I thought this letter I received today would be something of interest to most of you.

Story by: Bruce Vincent

For those of us who sometimes find ourselves having doubts about our
President, here is an excellent piece--- worth every minute it takes
to read it. This is from a man, Bruce Vincent, from Montana who
received an award from the President. He writes:

I've written the following narrative to chronicle the day of the award
ceremony in DC. I'm still working on a press release but the White
House press corps has yet to provide a photo to go with it. When the
photo comes I'll ship it out. When you get done reading this you'll
understand the dilemma I face in telling this story beyond my circle
of close friends.

Stepping into the Oval Office, each of us was introduced to the
President and Mrs. Bush. We shook hands and participated in small talk. When the
President was told that we were from Libby, Montana, I reminded him
that Marc Racicot is our native son and the President offered his warm
thoughts about Governor Racicot. I have to tell you, I was blown away by two
things upon entering the office.

First, the Oval Office sense of 'place' is unreal. The President later
shared a story of Russian President Putin entering the room prepared
to tackle the President in a tough negotiation and upon entering the
atheist muttered his first words to the President and they were "Oh,
my God."

I concurred. I could feel the history in my bones. Second, the man
that inhabits the office engaged me with a firm handshake and a look that
can only be described as penetrating. Warm, alive, fully engaged,
disarmingly penetrating. I was admittedly concerned about meeting the man. I think
all of us have an inner hope that the most powerful man in our country is
worthy of the responsibility and authority that we bestow upon them
through our vote.

I admit that part of me was afraid that I would be let down by the
moment - that the person and the place could not meet the lofty
expectations of my fantasy world. This says nothing about my esteem
for President Bush but just my practical realization that reality may
not match my 'dream.'
Once inside the office, President Bush got right down to business and,
standing in front of his desk, handed out the awards one at a time
while posing for photos with the winners and Mrs. Bush. With the
mission accomplished, the President and Mrs. Bush relaxed and
initiated a lengthy, informal conversation about a number of things
with our entire small group. He and the First Lady talked about such
things as the rug in the office. It is traditionally designed by the
First Lady to make a statement about the President, and Mrs. Bush
chose a brilliant yellow sunburst pattern to reflect 'hope.' President

Bush talked about the absolute need to believe that with hard work and
faith in God there is every reason to start each day in the Oval
Office with hope. He and the First Lady were asked about the impact of
the Presidency on their marriage and, with an arm casually wrapped
around Laura, he said that he thought the place may be hard on weak
marriages but that it had the ability to make strong marriages even
stronger and that he was blessed with a strong one.

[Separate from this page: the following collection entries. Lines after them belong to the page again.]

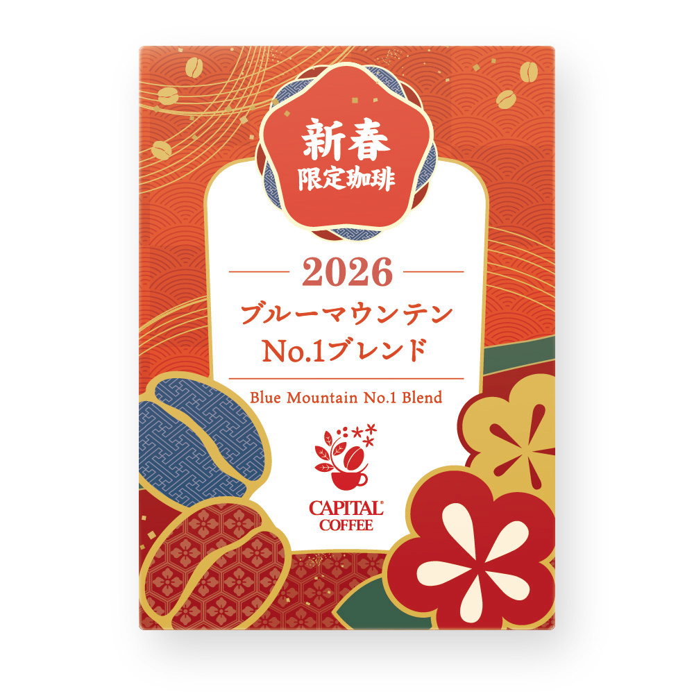 新春限定珈琲 ブルーマウンテンNo.1ブレンドは、ブルーマウンテンの中でも最高品質とされるNo.1グレードを主体にコロンビアなどを程よくブレンド。
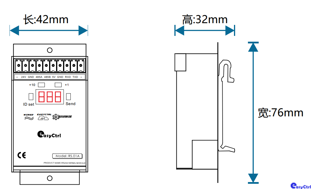 系統第三方設備控制單元,一般安裝在配電箱內,導軌式安裝,通過總線控制RS485/RS232的設備,可控制第三方串口設備,如:RS485空調面板,投影機,矩陣第三方設備;
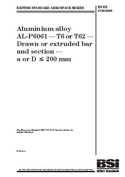 Aerospace series. Aluminium alloy. AL-P6061. T6 or T62. Drawn or extruded bar and section. a or D = 200 mm
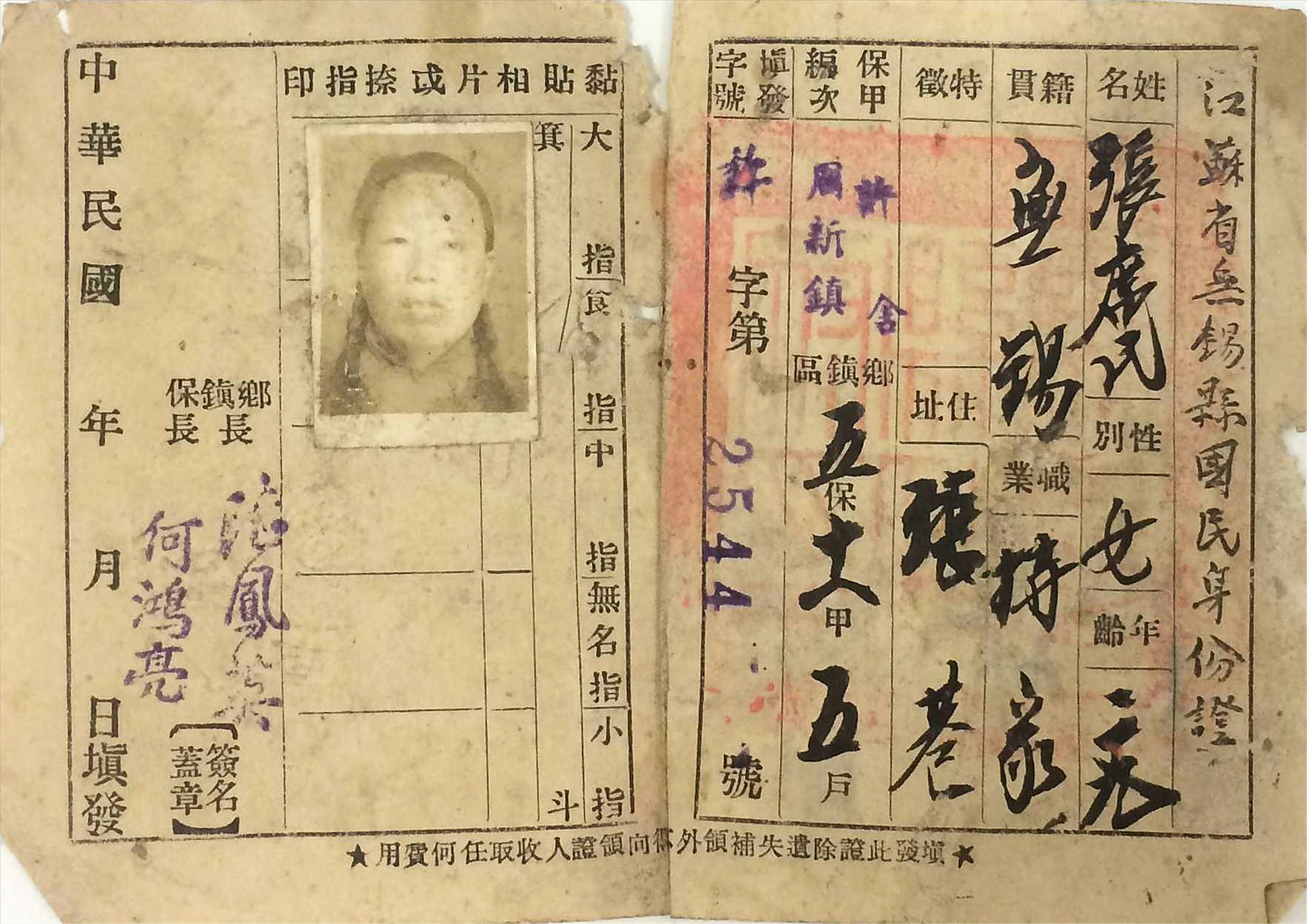 1946年颁发给张席氏的江苏省无锡县国民身份证
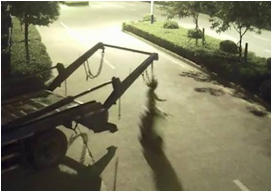 监控视频显示,该垃圾车后部加装有特殊翻斗装置,悬臂伸出车体,垂下的两根粗铁链正悬在辅道上方。
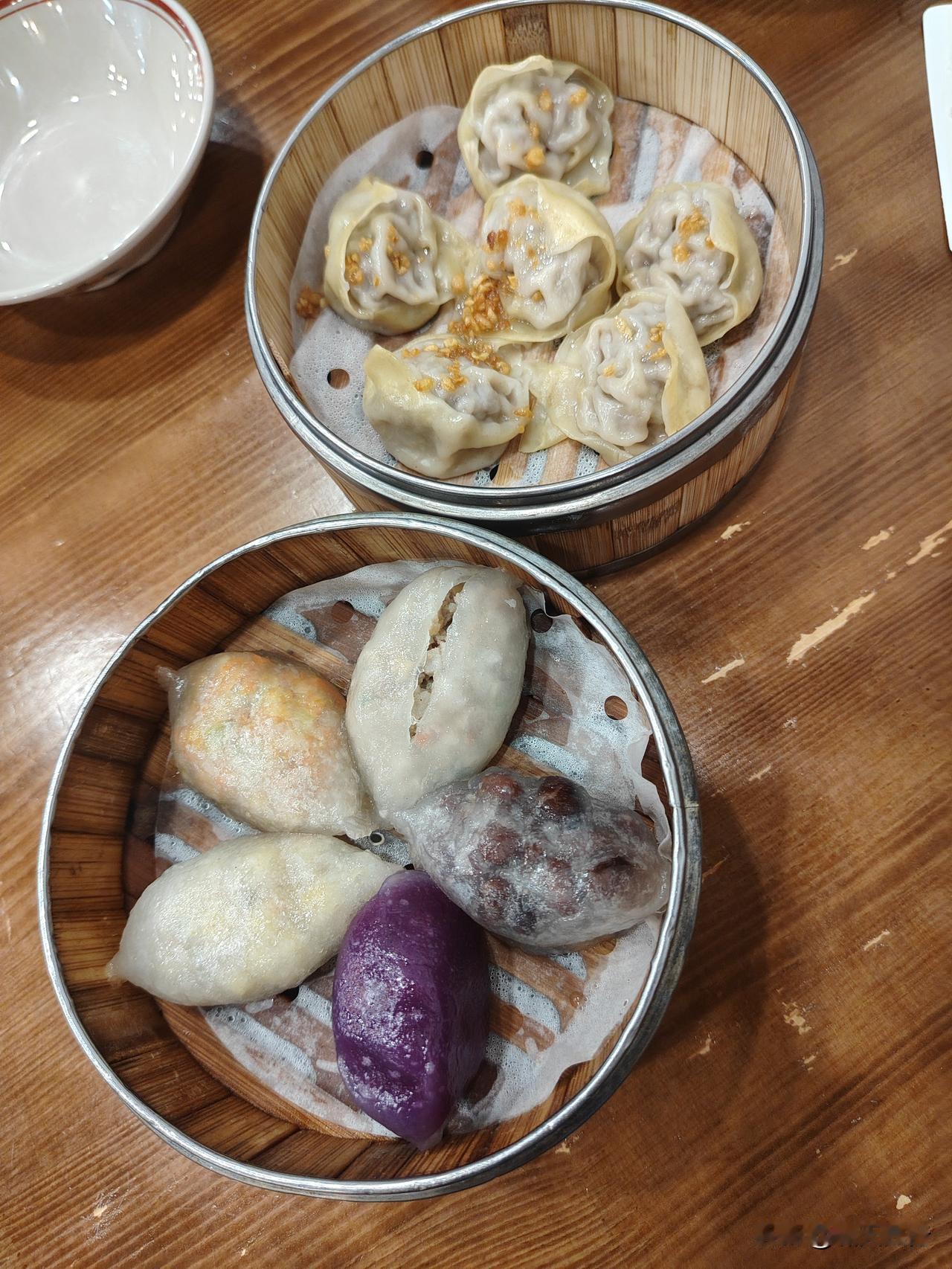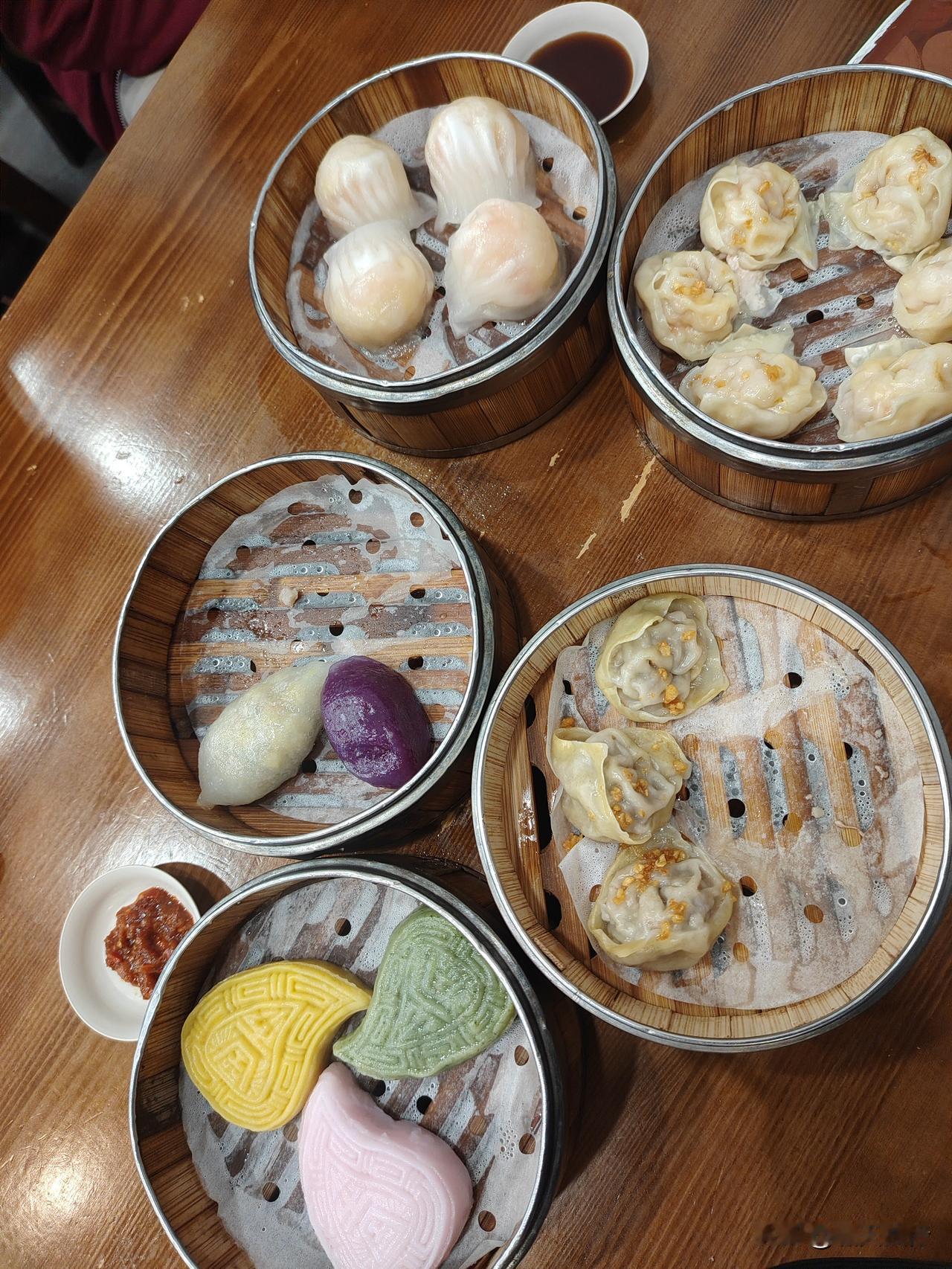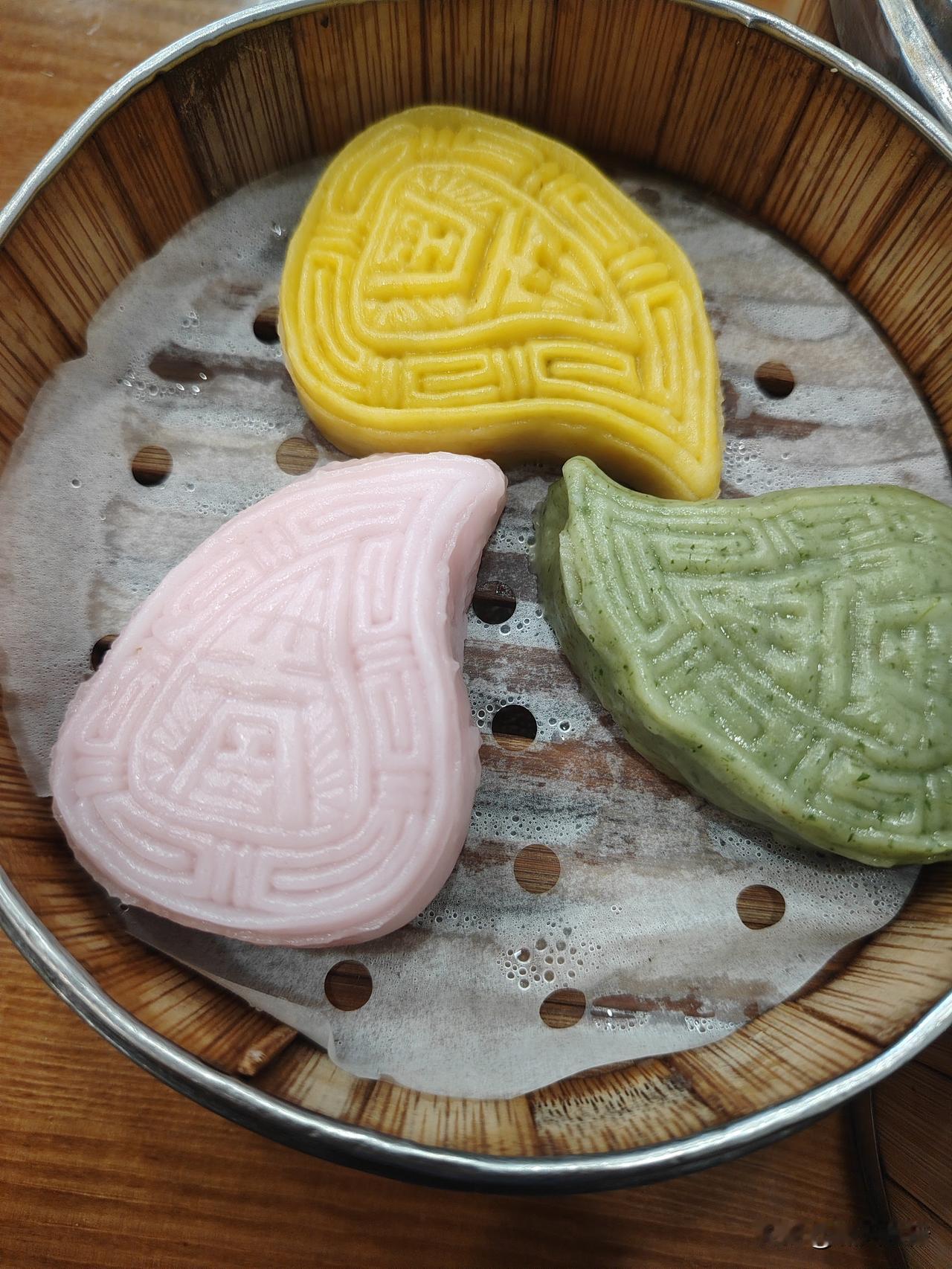 头一次啊,享用广式早茶,在广东,在潮州,在——百家早茶。 点了套餐,略有优惠,包括秘制牛肚、虎皮凤爪、水晶虾饺、牛肉蒸饺、紫菜鲜肉蒸饺、五福蒸饺各一份,茶一壶,老板送了三色粿糕。不远几千里来到这里,一饱口福吧,好吃好心情。[大笑][大笑][大笑]

After about 30 or 35 minutes, it was time to go. By then we were all
relaxed and I felt as if I had just had an excellent visit with a
friend. The President and First Lady made one more pass down the line
of awardees, shaking hands and offering congratulations. When the
President shook my hand I said, "thank you Mr. President and God bless
you and your family." He was already in motion to the next person in
line, but he stopped abruptly turned fully back to me, gave me a
piercing look, renewed the vigor of his handshake and said, "Thank you
- and God bless you and yours as well."

On our way out of the office we were to leave by the glass doors on
the west side of the office. I was the last person in the exit line. As I
shook his hand one final time, President Bush said, "I'll be sure to
tell Marc hello and give him your regards."

I then did something that surprised even me. I said to him, "Mr.
President, I know you are a busy man and your time is precious. I also
know you to be a man of strong faith and have a favor to ask you."

As he shook my hand he looked me in the eye and said, "Just name it."
I told him that my step-Mom was at that moment in a hospital in
Kalispell, Montana, having a tumor removed from her skull and it would mean a
great deal to me if he would consider adding her to his prayers that day. He
grabbed me by the arm and took me back toward his desk as he said, "So
that's it. I could tell that something is weighing heavy on your heart
today. I could see it in your eyes. This explains it."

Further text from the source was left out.